Falecido em 1431, no Carmo de Lisboa, sabe-se que D. Duarte pediu para
que se organizasse o seu processo de canonização em 1437, ou seja,
apenas seis anos após a sua morte.
Adquiriu o título de
«Condestável do Reino» devido aos méritos na guerra de 1385 entre
Portugal e Castela. No Arquivo da Casa de Bragança existia, até ao
terramoto de 1755, o diploma original no qual o Mestre de Avis, D. João
I, lhe concedia o título de «Condestabre» do reino e, para lhe
agradecer, o rei faz-lhe a doação do Condado de Ourém e de outras terras
nomeadas. (Cf. Tarouca, Carlos da Silva – O «Santo Condestável» pode
ser canonizado?. Brotéria. Lisboa. XLIX (1949) 129-140.) Na Torre do
Tombo (Lisboa) existe também um documento – a cópia coeva, em pública
forma, da carta do mesmo rei, com a qual, no Porto, a 8 de Novembro faz a
doação ao mesmo D. Nuno Álvares Pereira, Condestável e Conde de Ourém,
do Condado de Barcelos (Cf. Tarouca, Carlos da Silva).
Com esta documentação
fica excluída qualquer dúvida a respeito da sua identidade e dos mais
importantes feitos da sua vida. Para provar que D. Nuno e o Condestável
eram a mesma pessoa basta recorrer a uma carta do Papa Urbano VI para o
bispo de Viseu, a 8 de Dezembro de 1386, cujo original existia até ao
referido terramoto no Carmo de Lisboa. Nela, o Papa chama Nuno, Conde de
Barcelos, ao fundador do convento. Esta não é a única carta de Urbano
VI ao Condestável.

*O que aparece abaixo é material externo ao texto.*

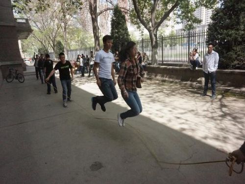 此次活动设立的项目有:集体项目5项(两人三足接力赛;托兵乓球接力赛;背对背夹气球;趣味跳大绳;袋鼠跳)和个人项目3项(踢毽子;跳绳;单人自行车比慢)。
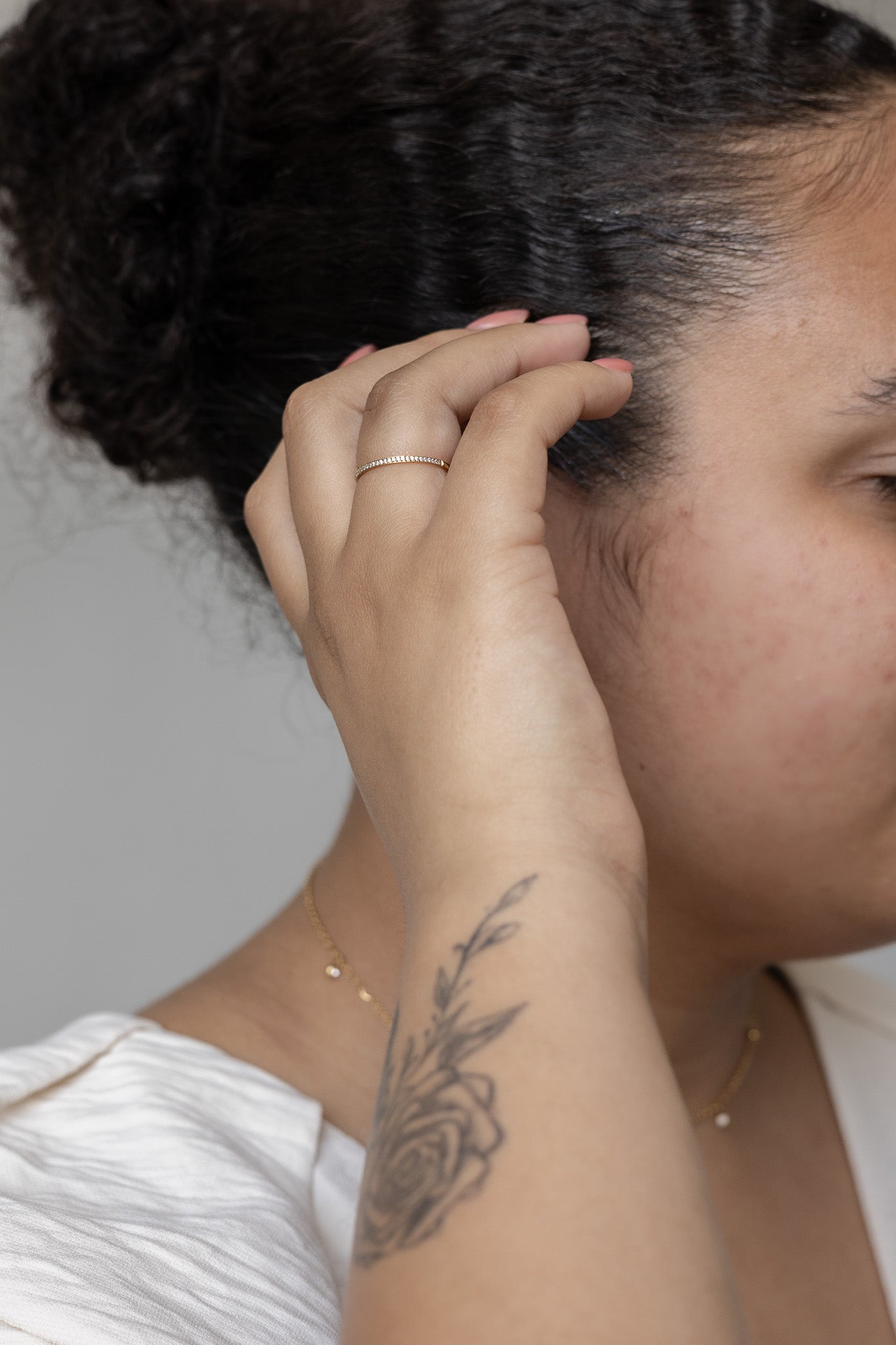 You asked, and we listened! We had some requests for more simple, everyday-living rings, and this is the perfect ring--worn alone or stacked with other rings. Because it is made with stainless steel, it will never turn green (AKA you can actually wear it while washing your hands)! It’s the perfect addition if you are looking for something simple and classy!
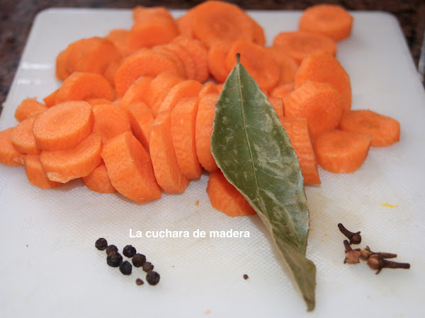 Pelamos, lavamos las zanahorias y cortamos en rodaja,
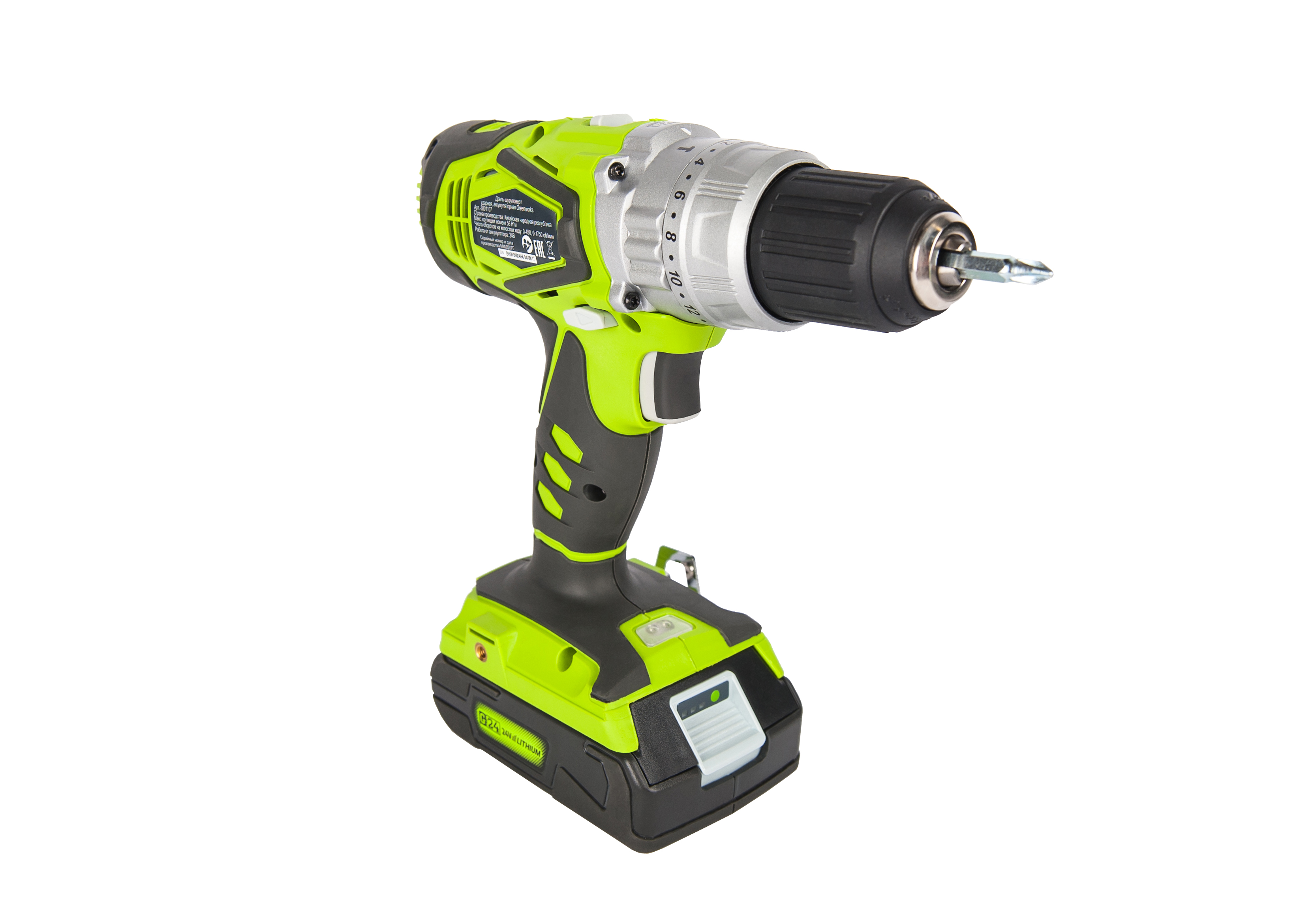 Аккумуляторная дрель-шуруповерт Greenworks G24CD серии 24V - сочетает в себе три функции: сверление с ударом, сверление без удара и работа с шурупами.
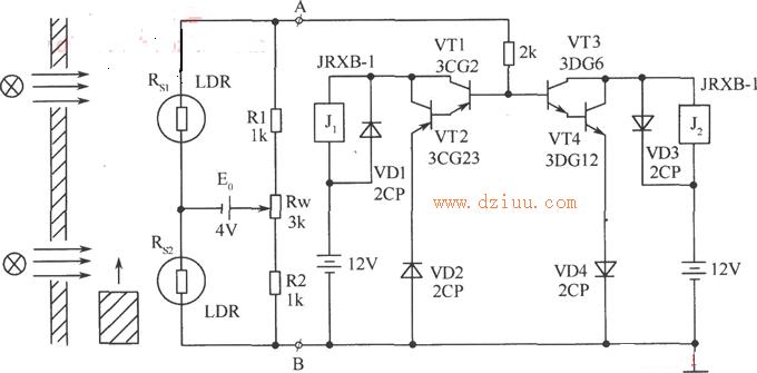 遮光或光照,調節(jié)Rw,使電橋平衡。UAB=0V。測量時,當物體由下向上運動時,Rs2首先被遮光,阻值增大,Rs1被光照,阻值較小,電橋失衡,UA>UB,UAB>0V,則VT1、VT2截止,VT3、VT4導通,繼電器J1保持斷開
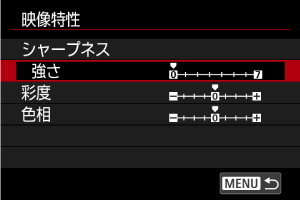 必要に応じて調整します。項目([シャープネス:強さ][彩度][色相])を選び、効果の度合いを設定し、を押します。
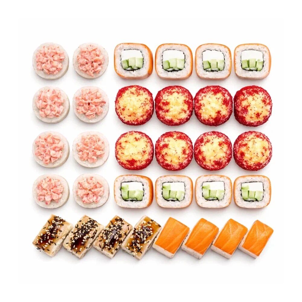 Фила лосось лайт, Порк ролл, Розовый фламенко эби, Запеченный с крабом

Segundo o cronista do Carmo, Pereira de Sant´Anna, o
Papa envia-lhe dois documentos – assinados a 26 de Novembro de 1387 –
onde realça: “Revalidava o que antes obtivera, para contrair matrimónio
com a senhora D. Leonor de Alvim, sem embargo de parentesco” e a outra
concede-lhe privilégios de missas para o conde, esposa e família.
Recorrendo ao artigo de
Carlos da Silva Tarouca, encontram-se provas que D. Duarte pediu a
canonização de D. Nuno Álvares Pereira. No Códice Ashburnham 1792 da
Biblioteca Laurenziana de Florença existem dois volumes de originais,
pertencentes à correspondência original que ao abade beneditino D. João
Gomes chegava de Portugal. Neste códice encontra-se a carta original
(publicada pelo Pe. Domingos Maurício: Brotéria VII-1928) de D. Duarte
ao abade de Florença e seu conselho. Assinado a 21 de Julho de 1437,
neste documento o rei português queixava-se de ainda não ter recebido “O
desembargo que saiu do canonizamento do Santo Condestabre per que se
tire a inquirição que sobre isto se costuma fazer”. Conclui-se que o
Papa mandou começar o processo de canonização de D. Nuno Álvares
Pereira.
O documento contém
também mais informações que ajudam a compreender o início deste
processo. Nele, D. Duarte envia a D. João Gomes (abade beneditino) a
oração litúrgica – feita pelo infante D. Pedro (faleceu em 1449) – e o
esboço do panegírico que devia ser pronunciado por ocasião da
canonização. Tanto D. Duarte como os irmãos tomavam a sério o processo
de canonização do condestável. Para prová-lo, existe uma cópia, tirada
pelo cronista-mor do reino, Gomes Eanes Azurara, onde são elencados os
milagres atribuídos à sua intercessão.
A «oração litúrgica» do
Infante D. Pedro é um documento de importância capital, sendo a única
fonte coeva, que fala claramente da santidade de vida. Este Códice da
Cartuxa de Évora – actualmente está na Torre do Tombo – é a única fonte
que conservou a data da morte do Beato Nuno: Dia de Páscoa de 1431, isto
é, 1 de Abril.
Nascimento do culto
Em relação ao início do
culto que se prestava ao Santo Condestável, Jorge Cardoso no «Hagiológia
Lusitano» (Cardoso, George – Agiologio Lusitano III. Lisboa, 1666) e,
sobretudo, José Pereira de Sant´Ana na sua «Crónica dos Carmelitas»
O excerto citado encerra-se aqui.